# Surrogate...should I...could I?



## MomofIzzy

My twin uncles have both discovered their wives cannot get pregnant. They are all so devastated...they've tried multiple fertility drugs and a few other treatments with no luck. one has become pregnant 2x but miscarried both times. My heart breaks for them. I have one child, she's 7 months old. I always hear people say they will try to be a surrogate when they are done having children...I am 30 years old and in the process of a divorce. Yes I would like another but its no where in the near future. Has anyone been a surrogate then had their own child afterwards? I'm afraid of the bond between baby and I...how hard is it to walk away when you tell yourself the whole time its not your baby??? This has been heavy on my heart for over a year now...I just don't know if I could do it...I WANT to do it...


----------



## amjon

I don't know how I would feel about that. If it's for a relative at least you could see the baby regularly.

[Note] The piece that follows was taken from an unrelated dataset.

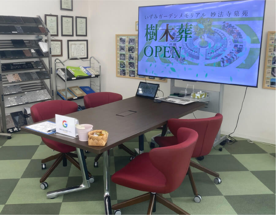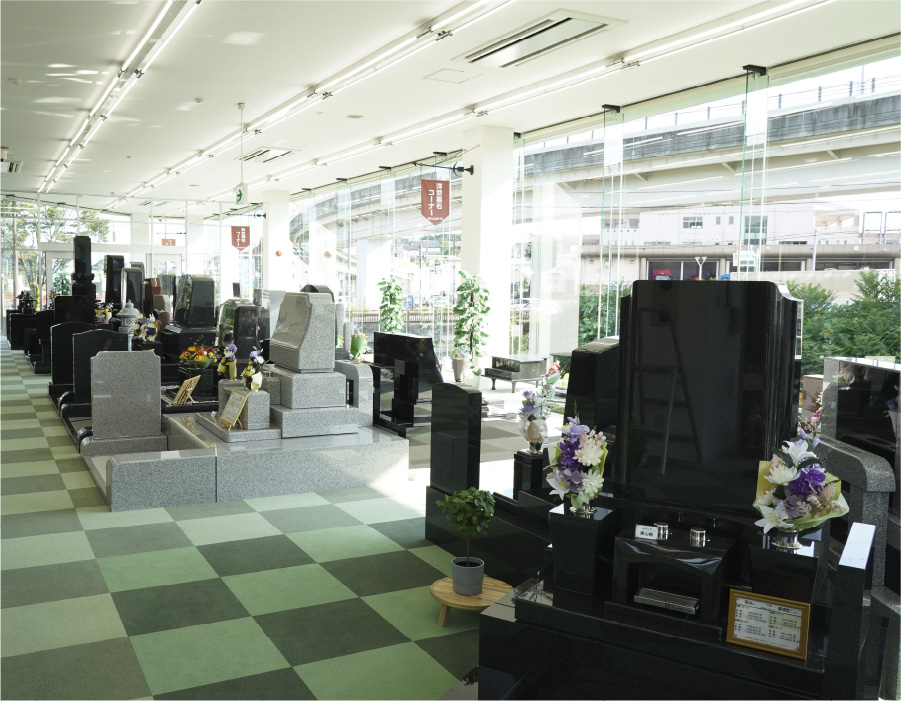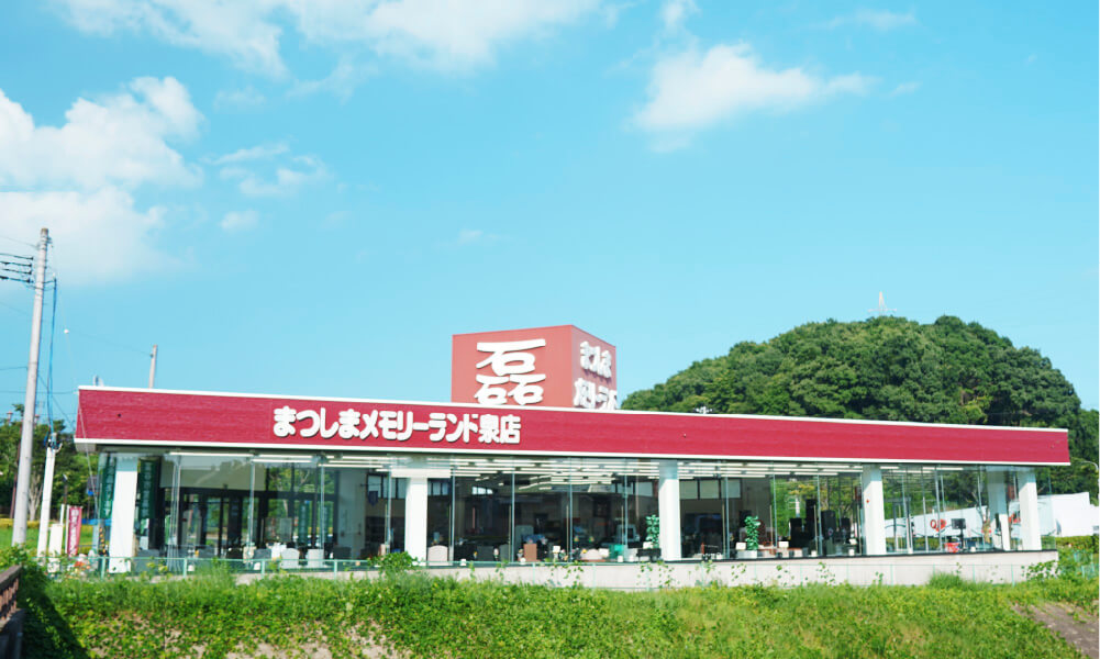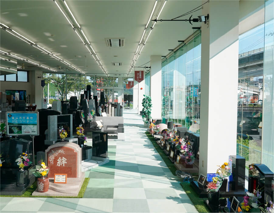 まつしまメモリーランド1号店として2000年にオープンした泉店は、地域初のショールームスタイルで、多くのお客様にご支持いただいてまいりました。広々とした店内には、伝統的な和型から人気の洋型まで、多彩な墓石をゆったりと展示。お客様が天候を気にせず、心ゆくまでお選びいただける空間です。2023年には店舗のリフォームを行い、より快適な空間で最新の墓石をご提案しています。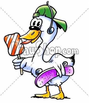 Goose with a lollipop and skateboard

Maybe they could agree to having the child stay with you for a bit of the year as her aunt?


----------



## Phantom710

Hi! My son is 9.5 months old right now, and I'm currently in legal contracts right now with a great set of parents I'll be surro-ing for in Sept.! I plan to have my own after :)

I think it's super wonderful, and if all sides are comfortable with it, I think it's usually pretty smooth.


----------